Of the lines listed below, return exactly those that run from the line containing "ÀÔÇм³¸íȸ °³ÃÖ |2025. 05.15" through the line containing "Shikishima Mirei, 빨간", both included.

#### Listed records:
-- Opening Marker --

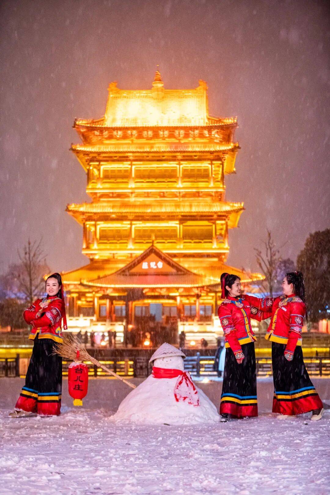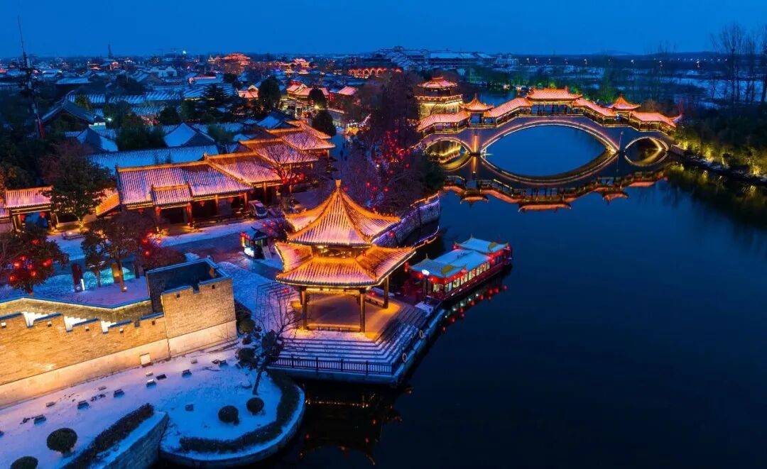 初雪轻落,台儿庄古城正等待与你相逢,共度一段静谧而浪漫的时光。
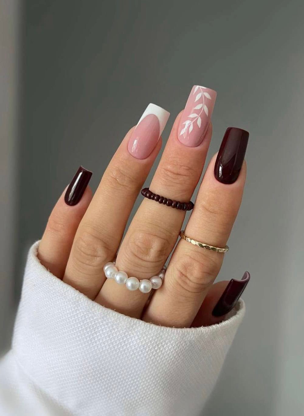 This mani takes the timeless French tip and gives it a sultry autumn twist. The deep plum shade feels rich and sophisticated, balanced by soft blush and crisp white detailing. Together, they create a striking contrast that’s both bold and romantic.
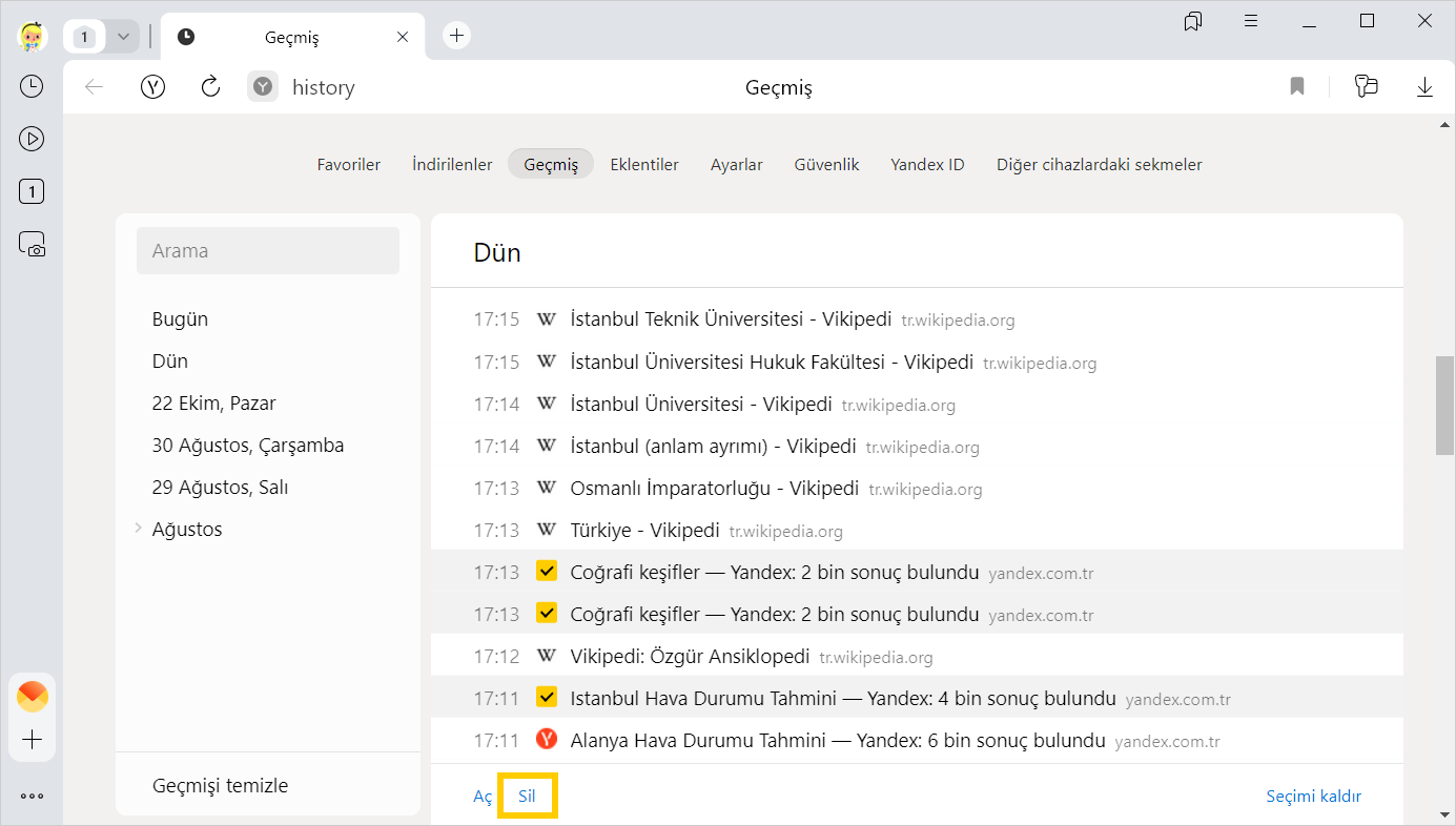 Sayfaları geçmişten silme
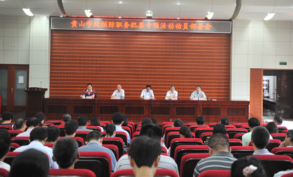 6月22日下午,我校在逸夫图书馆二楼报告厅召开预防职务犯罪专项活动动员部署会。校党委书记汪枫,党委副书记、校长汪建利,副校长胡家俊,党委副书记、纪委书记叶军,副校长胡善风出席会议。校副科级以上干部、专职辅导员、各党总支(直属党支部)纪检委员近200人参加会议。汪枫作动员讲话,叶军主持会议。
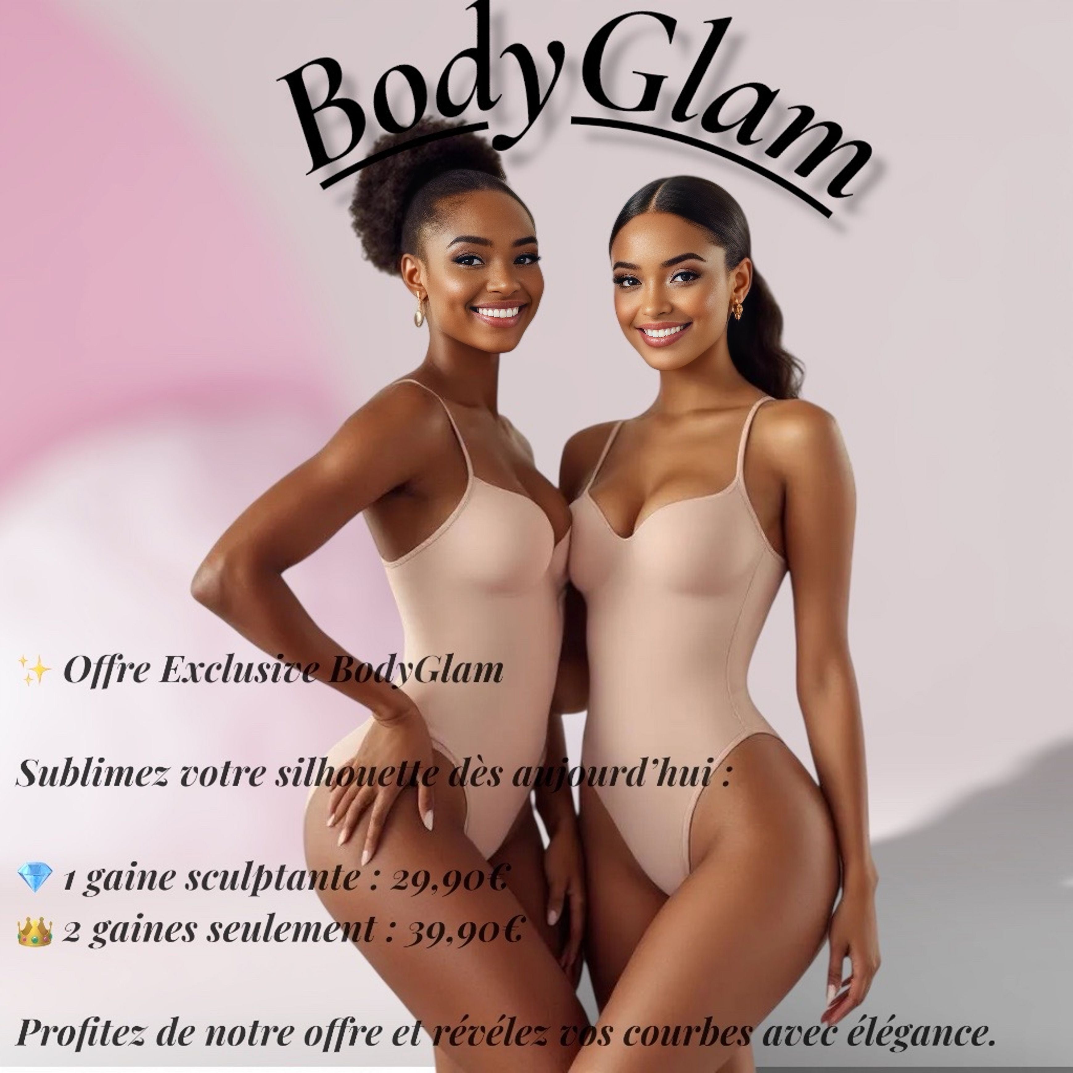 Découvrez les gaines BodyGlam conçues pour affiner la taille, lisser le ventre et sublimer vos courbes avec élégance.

-- Closing Marker --
-- Opening Marker --

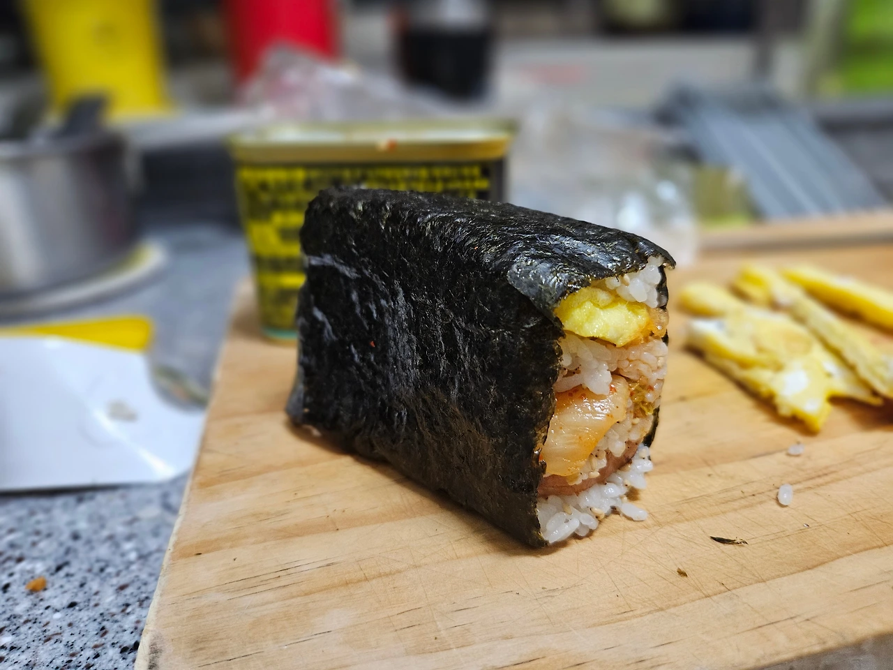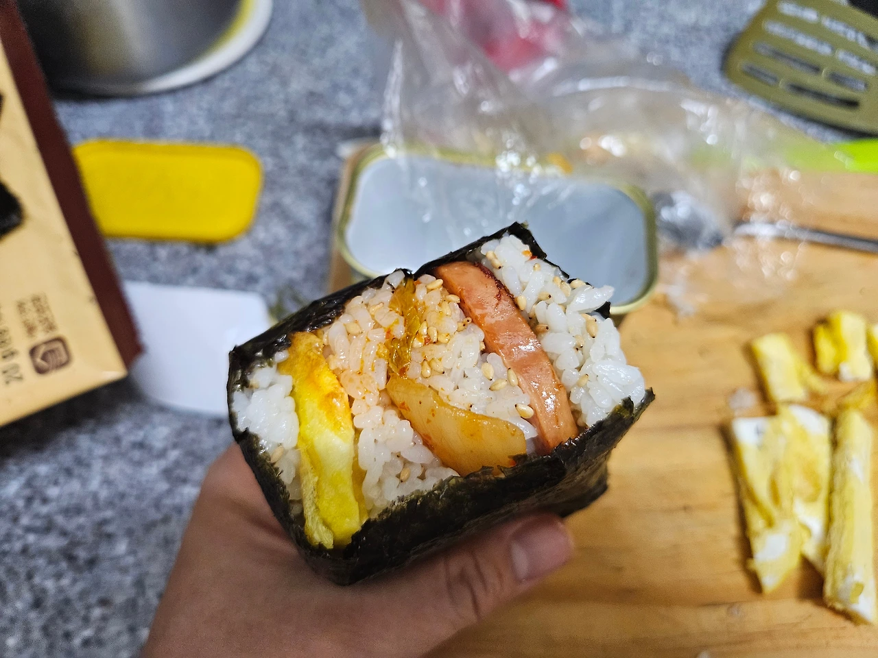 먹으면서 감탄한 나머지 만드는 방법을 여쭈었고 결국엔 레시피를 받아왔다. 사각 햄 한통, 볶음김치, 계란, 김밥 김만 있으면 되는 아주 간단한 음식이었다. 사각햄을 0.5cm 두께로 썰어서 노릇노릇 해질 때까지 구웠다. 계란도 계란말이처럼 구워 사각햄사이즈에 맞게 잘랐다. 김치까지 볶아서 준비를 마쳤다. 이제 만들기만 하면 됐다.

-- Closing Marker --
-- Opening Marker --

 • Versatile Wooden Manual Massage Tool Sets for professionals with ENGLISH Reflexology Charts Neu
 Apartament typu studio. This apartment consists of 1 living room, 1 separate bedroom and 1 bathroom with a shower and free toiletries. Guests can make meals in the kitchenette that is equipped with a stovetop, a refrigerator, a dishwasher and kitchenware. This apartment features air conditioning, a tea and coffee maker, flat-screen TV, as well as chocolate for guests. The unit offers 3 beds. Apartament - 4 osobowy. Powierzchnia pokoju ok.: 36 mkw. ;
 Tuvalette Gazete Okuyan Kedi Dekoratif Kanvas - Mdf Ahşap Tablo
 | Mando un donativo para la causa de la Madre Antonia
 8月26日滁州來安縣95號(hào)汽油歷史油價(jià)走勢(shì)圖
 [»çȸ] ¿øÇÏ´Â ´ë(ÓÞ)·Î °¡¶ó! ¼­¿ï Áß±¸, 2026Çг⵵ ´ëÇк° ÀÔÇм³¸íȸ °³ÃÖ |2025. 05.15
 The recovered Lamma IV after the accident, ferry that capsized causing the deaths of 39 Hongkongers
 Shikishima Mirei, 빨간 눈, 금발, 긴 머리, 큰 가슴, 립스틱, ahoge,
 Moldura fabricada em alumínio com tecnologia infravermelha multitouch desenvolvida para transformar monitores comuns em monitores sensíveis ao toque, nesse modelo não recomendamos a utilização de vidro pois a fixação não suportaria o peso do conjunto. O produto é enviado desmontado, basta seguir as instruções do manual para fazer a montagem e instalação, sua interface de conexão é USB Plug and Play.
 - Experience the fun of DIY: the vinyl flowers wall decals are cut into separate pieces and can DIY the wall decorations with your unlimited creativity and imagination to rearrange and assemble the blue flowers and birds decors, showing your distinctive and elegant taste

-- Closing Marker --

#### Expected answer:
 [»çȸ] ¿øÇÏ´Â ´ë(ÓÞ)·Î °¡¶ó! ¼­¿ï Áß±¸, 2026Çг⵵ ´ëÇк° ÀÔÇм³¸íȸ °³ÃÖ |2025. 05.15
 The recovered Lamma IV after the accident, ferry that capsized causing the deaths of 39 Hongkongers
 Shikishima Mirei, 빨간 눈, 금발, 긴 머리, 큰 가슴, 립스틱, ahoge,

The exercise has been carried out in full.